Black Spring, The Fertile Repression

Fragment of a protest poster against the Black Spring.

14ymedio bigger14ymedio, Havana, 19 March 2018 — It was early morning when the police arrived at the door of the first of the opponents who were arrested on March 18, 2003. During that operation, 75 activists and independent journalists were sentenced to long prison terms under the so-called Gag Law, which is still in force today.

Having a typewriter, reporting a violation of human rights through a telephone line, publishing an independent magazine, collecting signatures or simply offering an interview to foreign media were some of the “proofs” that the authorities used to incriminate those arrested.

There were no lack of stories of uncovered moles, informers who saved their own skins by testifying against their colleagues, nor of police excesses against the families of the detainees. The long night of repression loomed over the whole island.
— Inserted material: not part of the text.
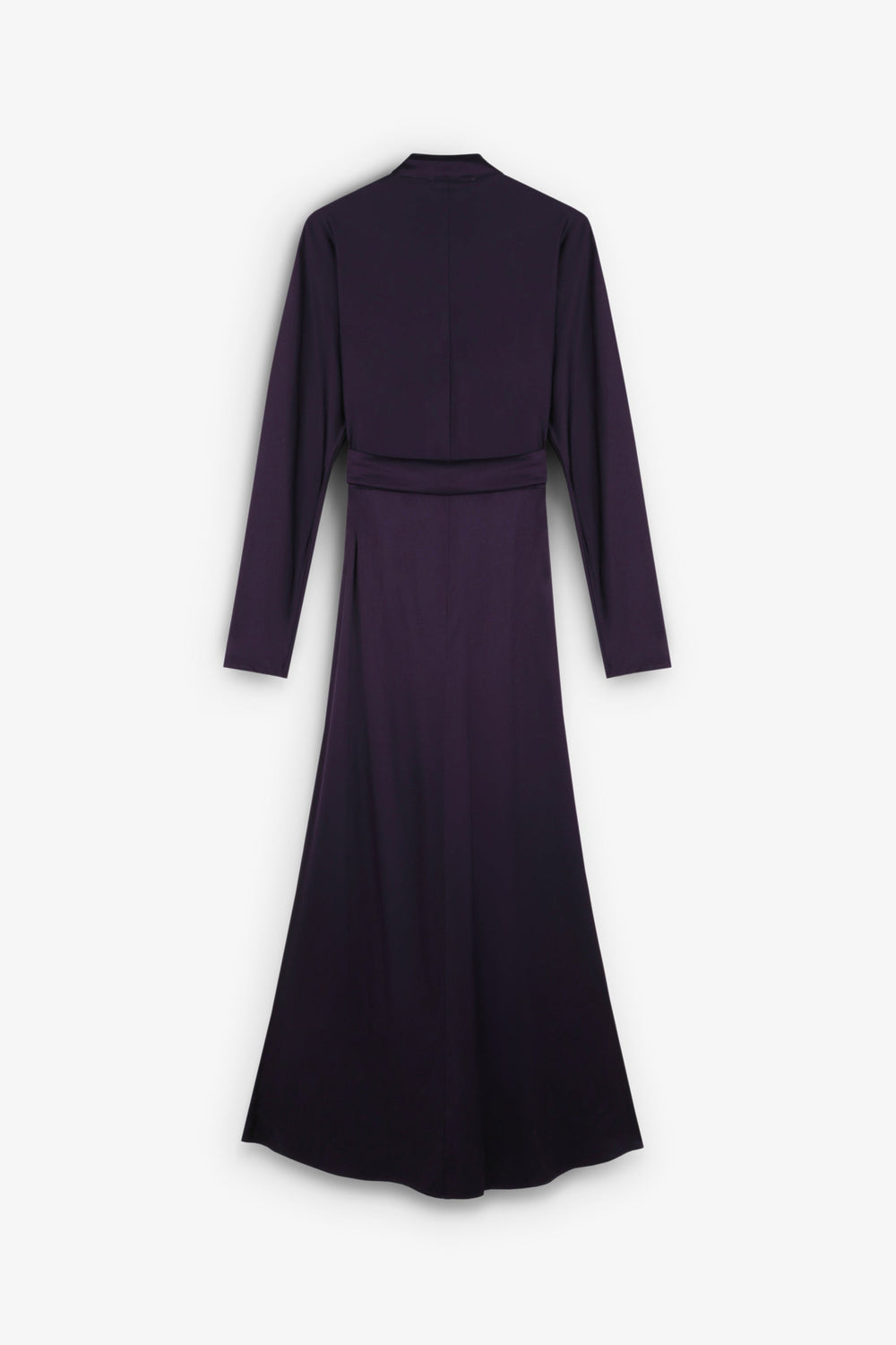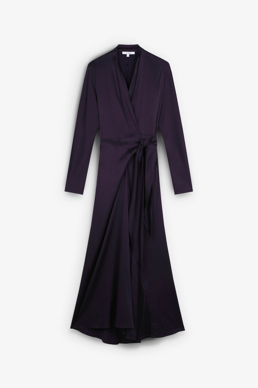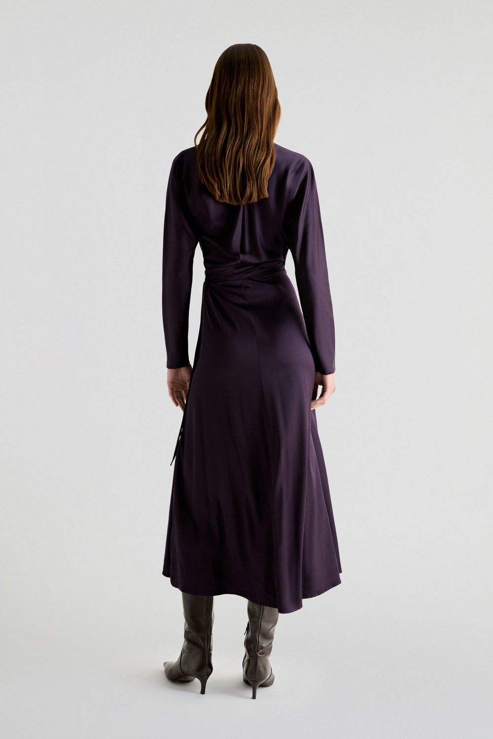 Satin dress made of flowing fabric. Regular fit, V-neckline and sarong-style tie fastening. Long sleeves.

The Black Spring determined to a large extent what has happened in the last fifteen years in Cuban civil society. The fear of ending up in a dungeon led many citizens to desist from expressing opinions, and exile was ultimately the destiny of a good part of those who had suffered in those dungeons. It was a hard blow for the dissent.

However, this critical point also gave rise to the emergence and development of new groups, tendencies and phenomena outside official control. Fifteen years after that attempt to uproot the opposition, there is a process of diversification and expansion of the critical sector along with greater international solidarity with opponents.

Today’s activists, direct debtors of those 75 prisoners, have broadened the issues in which they work, from groups that demand rights for the LGBTI community to associations seeking greater social spaces for people with disabilities. The Island is a hotbed of independent proposals.

Currently, the journalists arrested that March 2003 are also essential reference points for the new batch of reporters who feed the independent media. Despite the attempt to kill all journalism outside the control of the Communist Party, there has been an information explosion, thanks in part to new technologies.

The date chosen to bury what was left of Cuban civic activism must be remembered today as a chronological point that marks a new beginning. That March when Fidel Castro’s government thought that it was exterminating the dissidence was in fact the beginning of the rebellion, of the social nonconformity and of the inspiration for which we decided to create new media outside the official press.